» Information provided:

■ ■ ■ ■

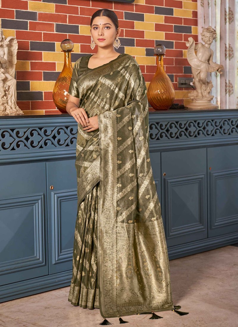 Designed with simplicity with a touch of soberness in its work makes a masterpiece. This green shimmer and silk classic saree is including the desirable glamorous displaying the sense of cute and graceful. Beautified with woven work all synchronized well through the pattern and style of the attire. Comes with matching blouse. (Slight variation in color, fabric & work is possible. Model images are only representative.)
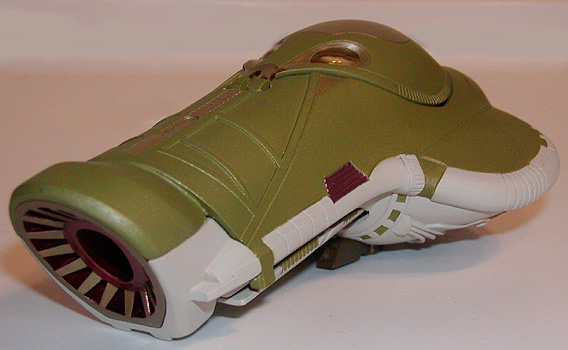 This is the Predator Ship from the Galoob Action Fleet series. This piece is extrordinary with it's detail and painting. This prototype is made of Cold Cast Resin and is hand painted. This piece was probably used for Toy Fare and catalog shoots and as usual looks better than the produced one. The toy is different than the produced one in that the main window is not see through and there are probably other differences, but I don't own the produced one to check up on.
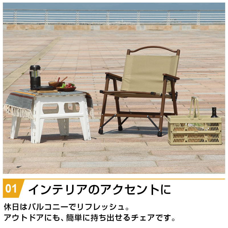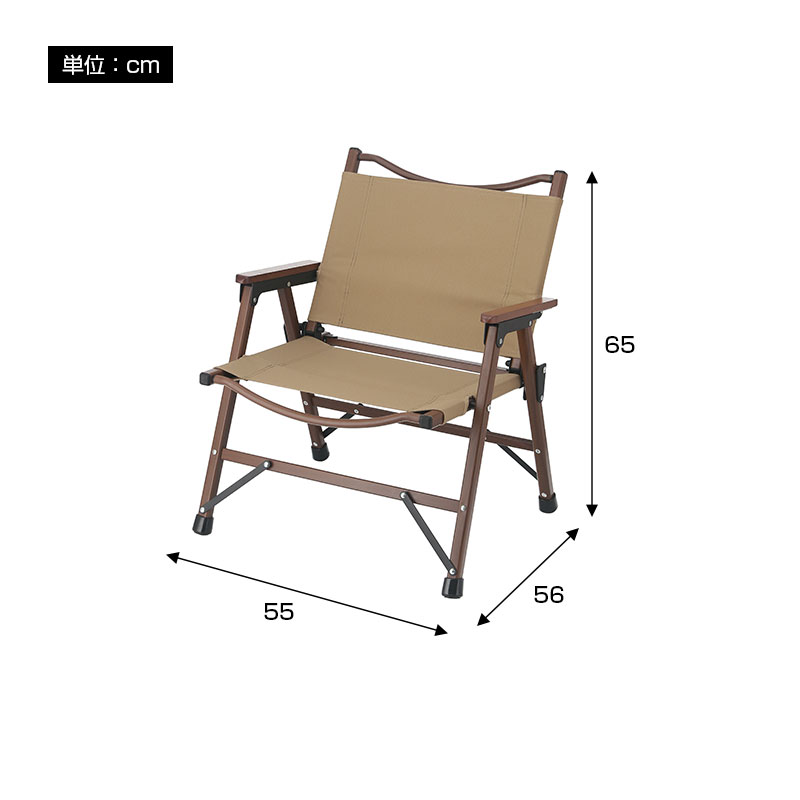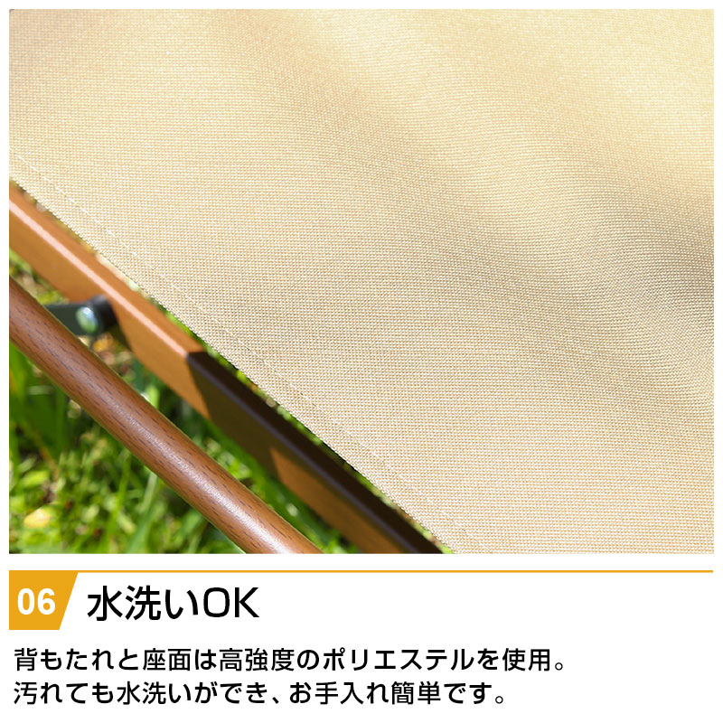 | 特徴 | ・インテリアのアクセントになるアウトドア風インテリア ・楽な姿勢でゆったりと座れるロースタイルチェア ・折りたたんで厚さ9.5cmまでコンパクトに ・重さ2.6kgと軽々と持ち運びできる ・手触りの良い天然木の肘掛け ・汚れても水洗いができ、お手入れ簡単 |

■ ■ ■ ■

» What to work on:
Excluding pictures, copy exactly the lines from the line containing "This is the" through the last line of the data, inclusive.

» Problem solution:
 This is the Predator Ship from the Galoob Action Fleet series. This piece is extrordinary with it's detail and painting. This prototype is made of Cold Cast Resin and is hand painted. This piece was probably used for Toy Fare and catalog shoots and as usual looks better than the produced one. The toy is different than the produced one in that the main window is not see through and there are probably other differences, but I don't own the produced one to check up on.
 | 特徴 | ・インテリアのアクセントになるアウトドア風インテリア ・楽な姿勢でゆったりと座れるロースタイルチェア ・折りたたんで厚さ9.5cmまでコンパクトに ・重さ2.6kgと軽々と持ち運びできる ・手触りの良い天然木の肘掛け ・汚れても水洗いができ、お手入れ簡単 |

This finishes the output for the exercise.